Content starts
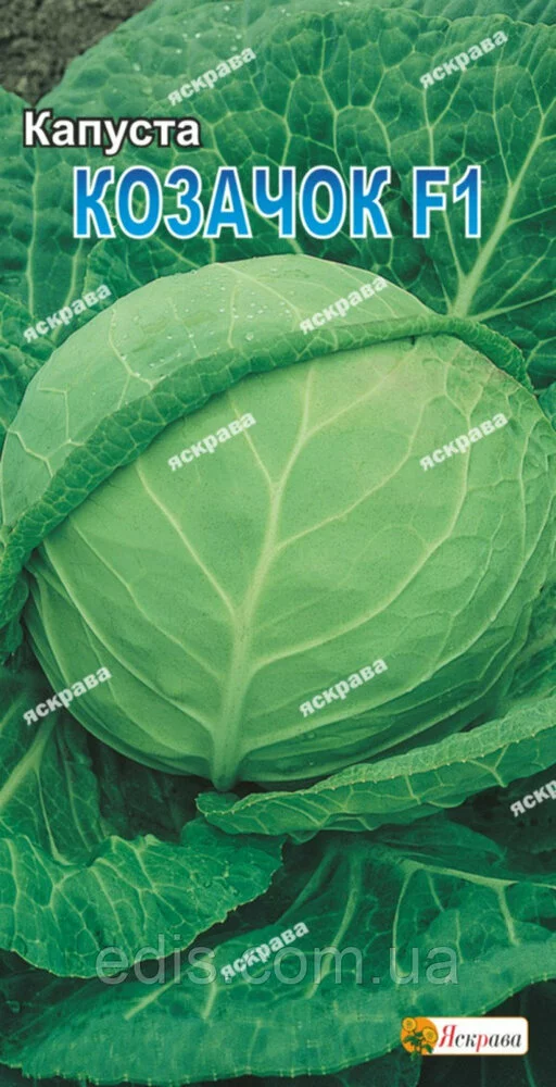 Капуста белокочанная Казачок F1 0,5 г Сорт позднеспелый, 145-160 дней. Высокоурожайный. Головки округлые,очень плотные, устойчивы к растрескиванию, весом до 3,5-4 кг. Окраска сечения белое. Потребляют в свежем и переработанном виде. Сорт пригоден для длительного хранения. Ультраранній гібрид. Вегетаційний період до початку збору врожаю 95-100 днів. Головка округла, масою 1,2-1,7 кг, середньощільна, соковита. Переріз білий з жовтим відтінком. Відмінні смакові якості. Стійкий до ураження хворобами. Холодостійка, волого - і світлолюбна культура, потребує родючих грунтів. Насіння проростає при температурі 2-3°С. Вирощувати розсадою. Висівати насіння на глибину - 1,5-2 см. Висаджувати розсаду у віці 35-40 днів. Позитивно реагує на внесення добрив.
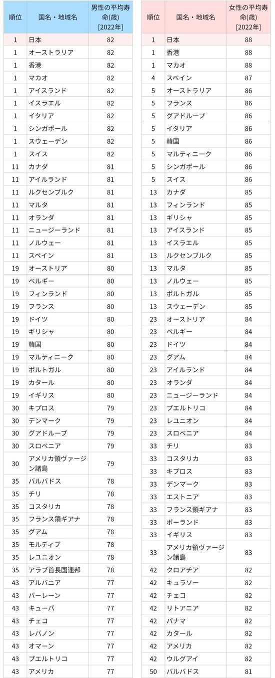 【画像】アメリカの平均寿命、ガチでヤバいと話題に。 世界の平均寿命ランキング
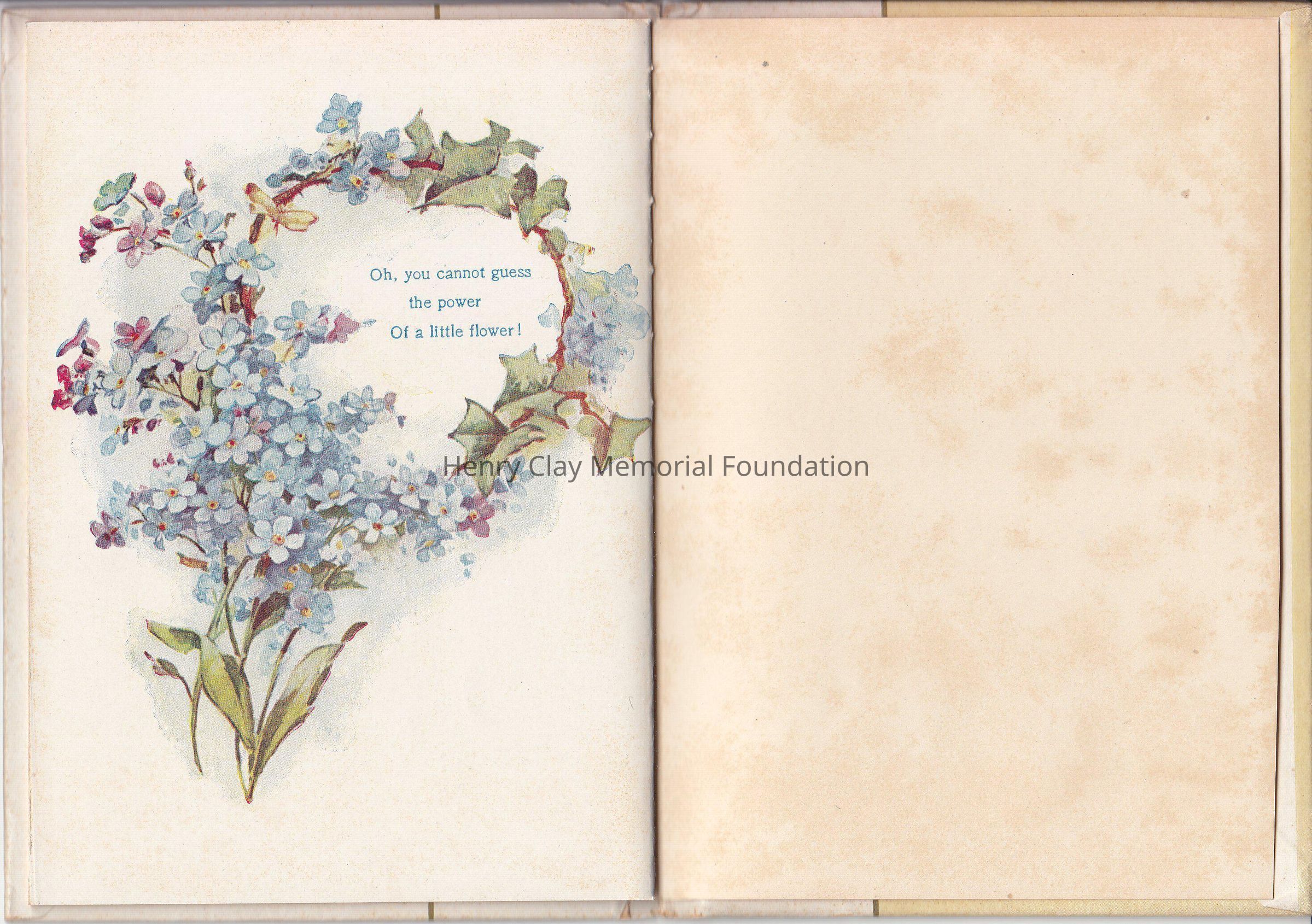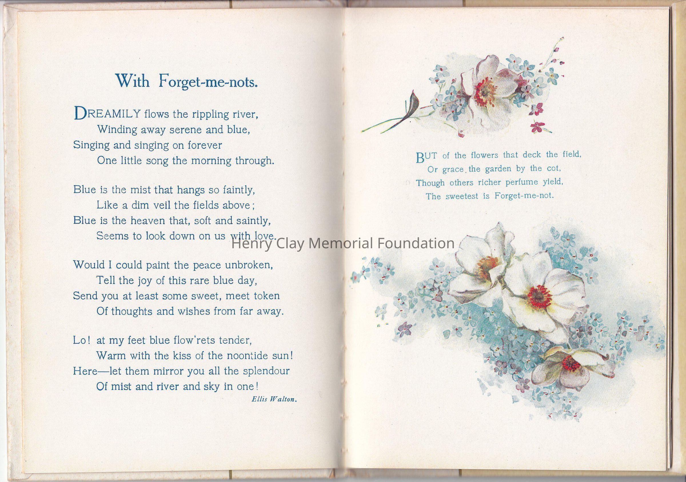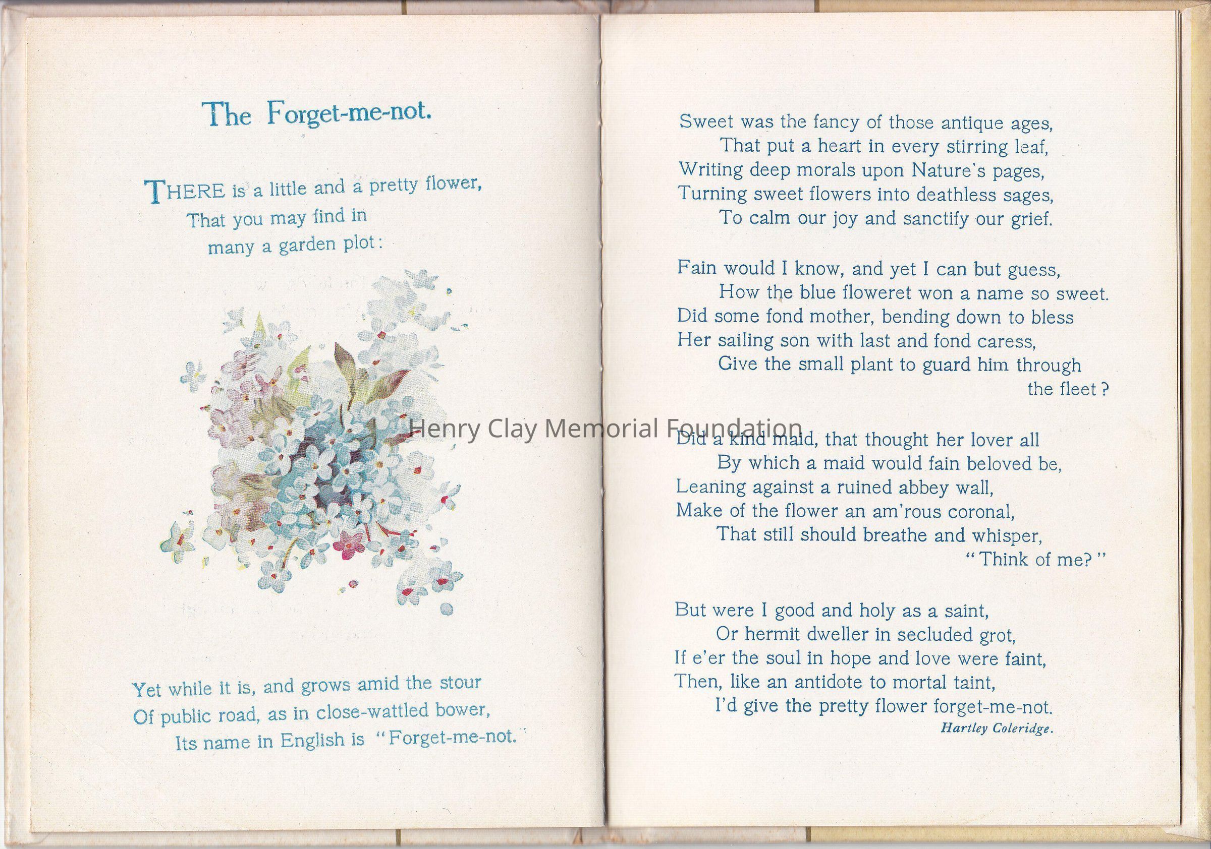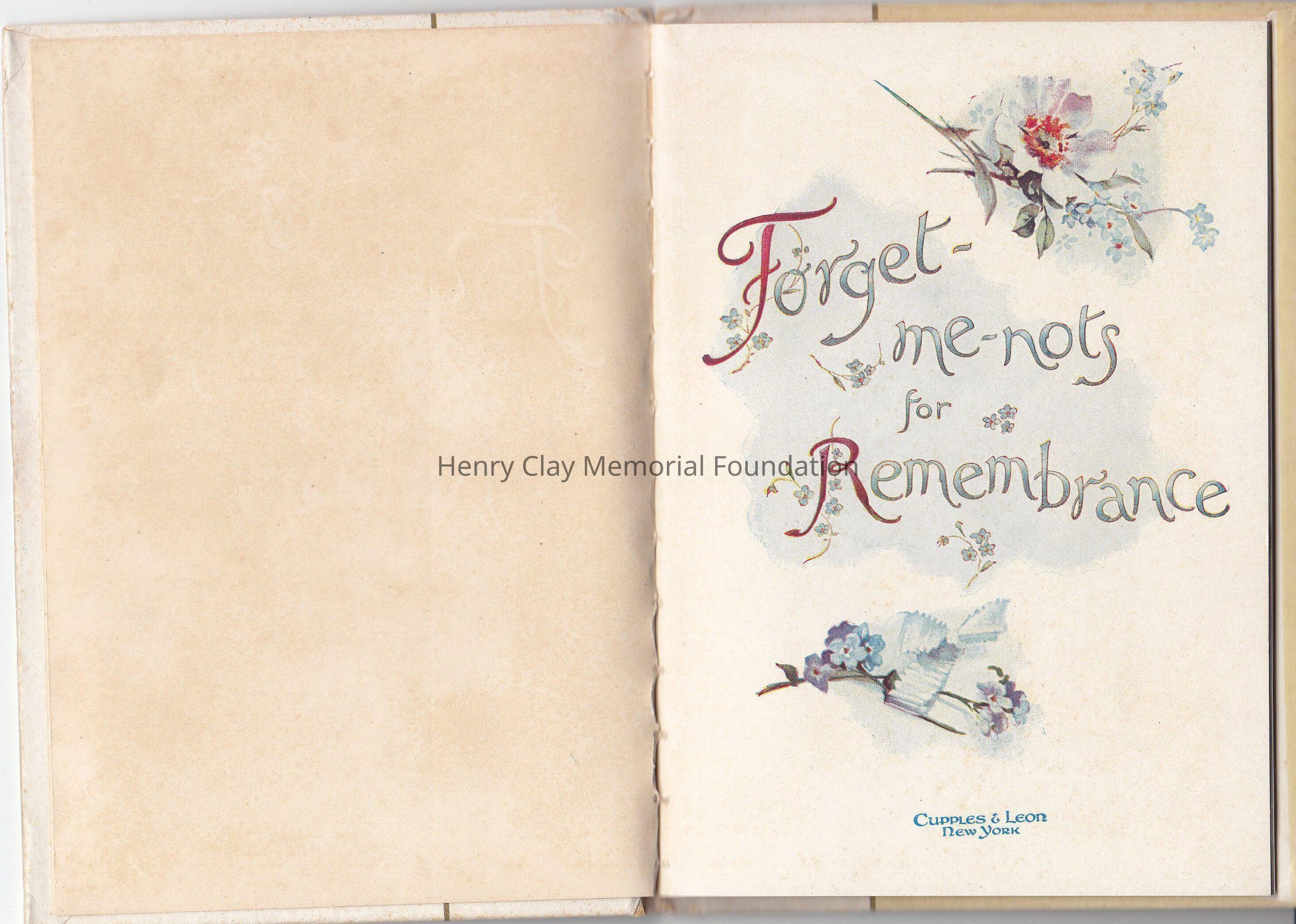 A small booklet of 15 pages, hardcover. The cover is marble like, with a gold straight line center left. A flower bouquet made of Forget-me-not is on the right side, "Forget-me-nots for remembrance" on the left side. Inside various poems created by various poets, decorated with colorful drawing of flowers. Editor is Cupples &Leon New York, as is written on the front page. It was a christmas present as it stated on the front page.
Content ends
WORK ITEM: The material above is to be transcribed exactly, with all pictures omitted.

WRITTEN ANSWER:
 Капуста белокочанная Казачок F1 0,5 г Сорт позднеспелый, 145-160 дней. Высокоурожайный. Головки округлые,очень плотные, устойчивы к растрескиванию, весом до 3,5-4 кг. Окраска сечения белое. Потребляют в свежем и переработанном виде. Сорт пригоден для длительного хранения. Ультраранній гібрид. Вегетаційний період до початку збору врожаю 95-100 днів. Головка округла, масою 1,2-1,7 кг, середньощільна, соковита. Переріз білий з жовтим відтінком. Відмінні смакові якості. Стійкий до ураження хворобами. Холодостійка, волого - і світлолюбна культура, потребує родючих грунтів. Насіння проростає при температурі 2-3°С. Вирощувати розсадою. Висівати насіння на глибину - 1,5-2 см. Висаджувати розсаду у віці 35-40 днів. Позитивно реагує на внесення добрив.
 【画像】アメリカの平均寿命、ガチでヤバいと話題に。 世界の平均寿命ランキング
 A small booklet of 15 pages, hardcover. The cover is marble like, with a gold straight line center left. A flower bouquet made of Forget-me-not is on the right side, "Forget-me-nots for remembrance" on the left side. Inside various poems created by various poets, decorated with colorful drawing of flowers. Editor is Cupples &Leon New York, as is written on the front page. It was a christmas present as it stated on the front page.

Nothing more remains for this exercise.